Emma Copley Eisenberg used a $3,000 settlement from an AI lawsuit to rent a billboard for six weeks. Not just to advertise her new book, "Fat Swim."

Emma Copley Eisenberg with her book “Fat Swim” near a billboard along Interstate 95 promoting the new release, Monday, April 13, 2026.
Emma Copley Eisenberg with her book “Fat Swim” near a billboard along Interstate 95 promoting the new release, Monday, April 13, 2026.Read moreJose F. Moreno / Staff Photographer

Author Emma Copley Eisenberg; her mom, Claire Copley; and her partner, Art Phung, let out a gleeful exhale Monday morning as billboard installers sent a swath of oceanic blue heavy duty vinyl fluttering down a sky-high placard rooted at Northern Liberties’ Front Street and Fairmount Avenue.

As the workers tightly wrapped the vinyl around the billboard’s base, the image of a fat naked woman came into focus. Her skin spilled over a fully exposed bottom in thick rolls, a piece of fabric loosely draped over her protruding belly.

“Your gut is a terrible thing to lose,” is printed across the billboard in bold caps. In the lower right hand corner is Eisenberg’s website: FatSwim.com, named for her forthcoming third book of the same name. It is a collection of short stories centering Philadelphia-area fat people, many of whom are queer.

“We just so rarely see images of fat people in public,” said Eisenberg whose fiction and nonfiction pieces aggressively challenge the notion that big people are unhappy in their skin and view their girth as temporary.

Eisenberg prefers to use the term “fat.” Plus-size, curvy, and overweight, she says are euphemisms that imply being large is inherently bad.

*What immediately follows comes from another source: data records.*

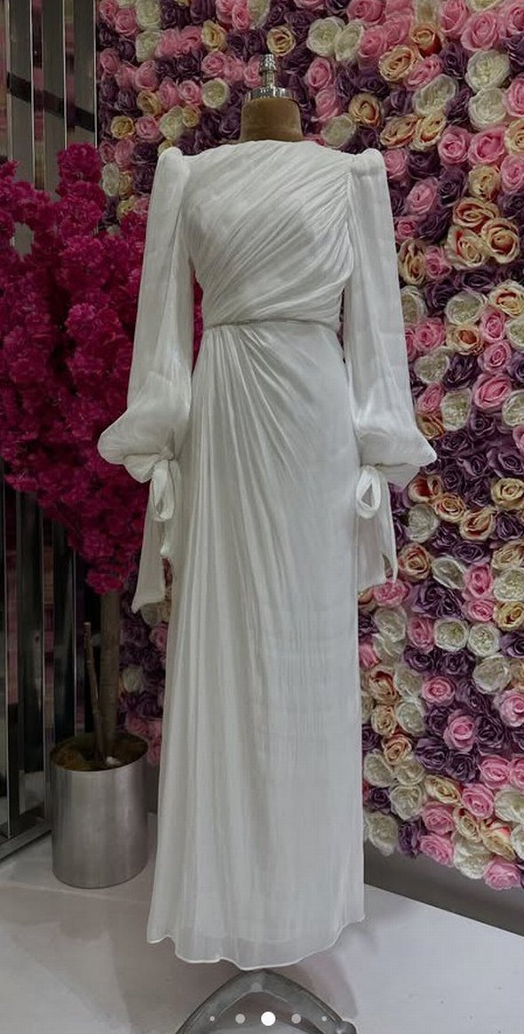 Beyaz renkte, uzun kollu ve yüksek yakalı drapeli abiye elbise. Modern klasik tarzda, bağlama desenli ve düzenli kesimlidir. Düğünler için uygundur.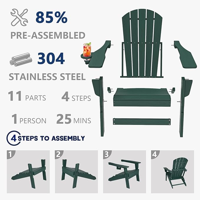 Folding Adirondack Chair, SGS Tested, Wooden Textured with Cup Holder, Heavy All-Weather HDPE Comfortable Set Poolside Backyard Lawn Green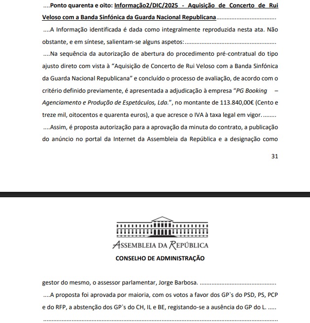 Porém, o PÁGINA UM sabe que, já depois da assinatura do contrato, e sabendo-se já da realização de eleições antecipadas, a secretaria-geral ponderou a suspensão do concerto, decidindo dar a última palavra à Conferência de Líderes. Esta estrutura – formada pelo presidente do Parlamento, José Pedro Aguiar-Branco, e dos deputados Hugo Soares (PSD), Alexandra Leitão (PS), Pedro Pinto (Chega), Mariana Leitão (Iniciativa Liberal), Fabian Figueiredo (BE), Isabel Mendes Lopes (Livre), Paula Santos (PCP) e Paulo Núncio (CDS) – acabou por aprovar a manutenção do concerto.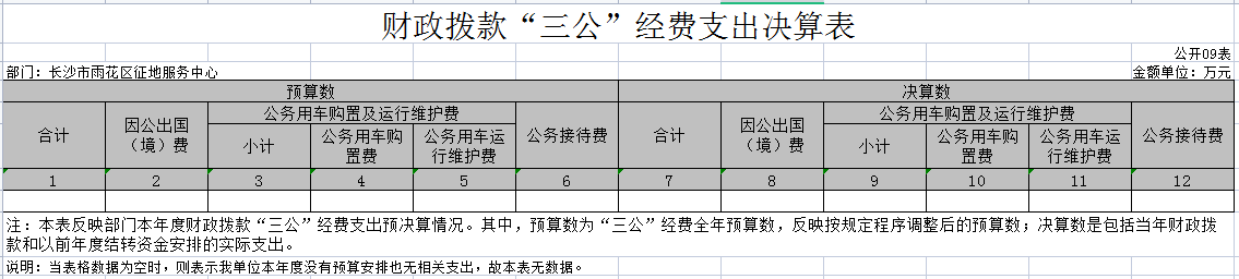 2023年度长沙市雨花区征地服务中心“三公”经费支出决算表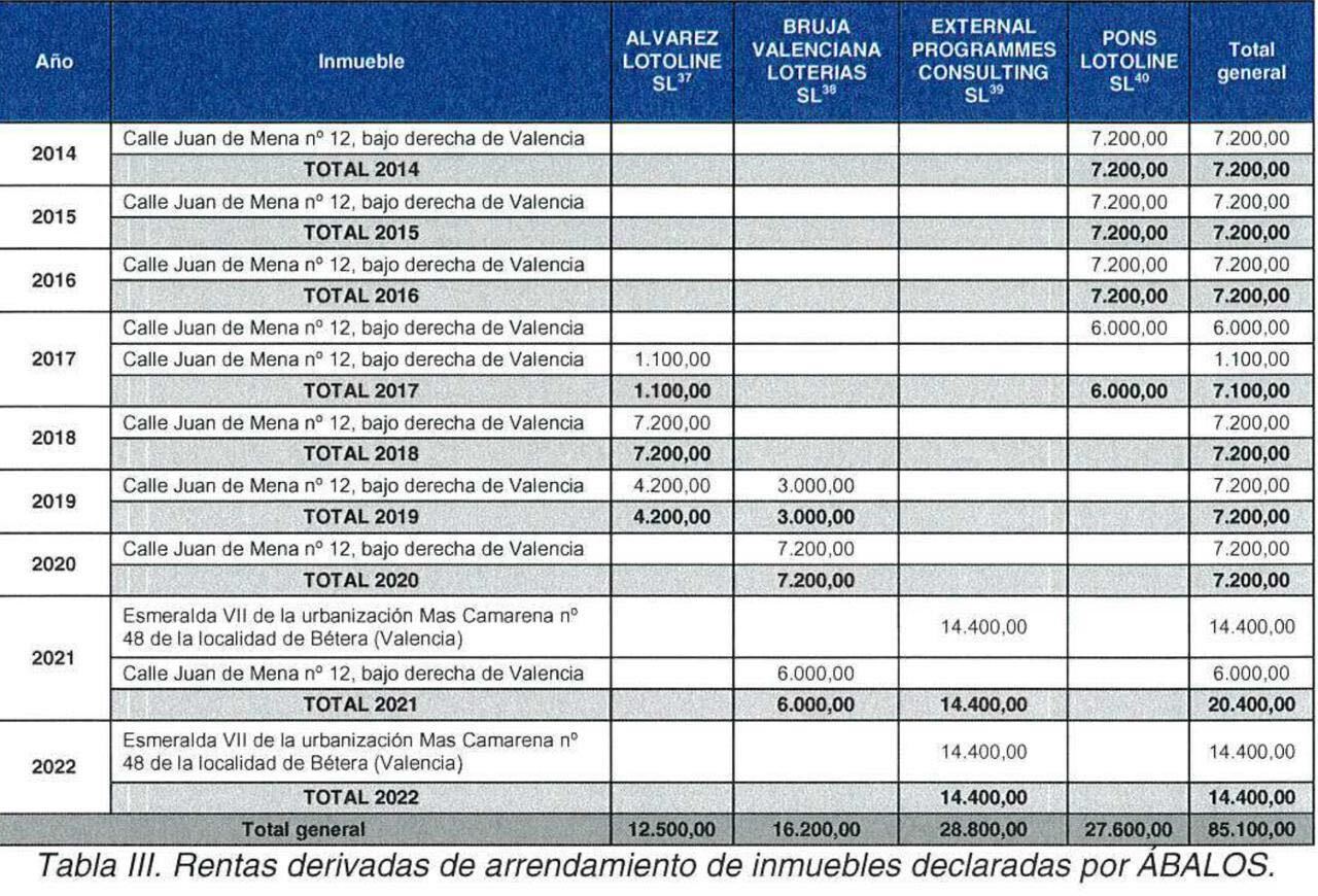 en la urbanización Mas Camarena n° XX de la localidad de Bétera (Valencia), ÁBALOS ha señalado haber recibido, entre los años 2021 y 2022, de la sociedad EXTERNAL PROGRAMMES CONSULTING SL un monto total de 28.800 €". Y esa sociedad es "propiedad de su hijo VÍCTOR ÁBALOS".

The your fat body is just fine message needs to be amplified particularly in today’s world, Eisenberg said, where GLP-1 usage is widespread throughout contemporary pop culture, their advertisements infiltrating daily mundane tasks from watching television to scrolling.

“There is wisdom in the body,” Eisenberg said. “There are emotional and spiritual consequences when we view our whole selves as disgusting. We live in a world where people are always telling us to trust our gut. But there is so much pressure to lose it.”

On the strength of fat liberation alone, the 44-foot-high, 12-feet-tall, and 28-feet wide matte billboard situated on I-95 North just before the Girard Avenue exit, sends a powerful message.

But that’s only half it.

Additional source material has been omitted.